Finished The Girl With The Dragon Tattoo, interesting but drawn out ending. Do I keep looking for more Scandi noir...?
 
Finished The Butlerian Jihad, the first part of the Legend of Dune Trilogy by Brian Herbert and Kevin J. Anderson.
Interesting read made more interesting by the times we are living with LLM/AI models evolving into something we might loose control of.
I find it curious almost prophetic, on the nature of what's written regarding what gave origin and control to thinking machines, that this book is anchored on a 1965 novel's notes and side stories left behind by Frank. Even when Brian and Kevin released The Butlerian Jihad in 2002 our understanding of what form AI might take was still very foggy.
 
Finally I was able to end Wind and truth by Brandon Sanderson.

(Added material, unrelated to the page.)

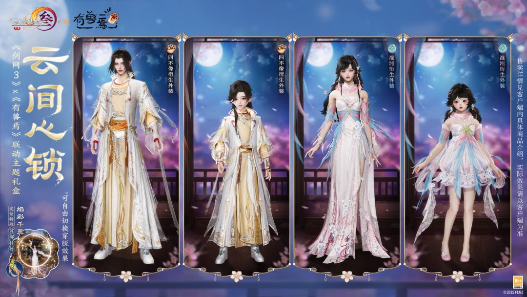 玄纹漫卷绣浮云,《剑网3》×《有兽焉》联动衍生外装礼盒“云间心锁”萌趣登场,礼盒基于“四不像”和“混沌”两只神兽形象衍生而来,软萌绒饰再辅以云纹绣样元素,结合神兽独有的绚丽色彩,童趣与优雅兼具!男款罩纱与女款绒领皆可自由切换穿脱,万变随心!

Terrible. Once I was in love with Sanderson's books, I officialy break up after reading this book.
At the end of the book Dalinar says to Wit something like "After so many visions, I can not say what is relevant and what is irrelevant". It's a perfect description of the book, with so many chapters with visions in the spiritual kingdom that are an absolutely pointless. Adolin, Kaladin and Szeth's plot is ok, the rest of the book is a nonsesne and is closer to a debate about the ends justifying the means that an a fantasy novel.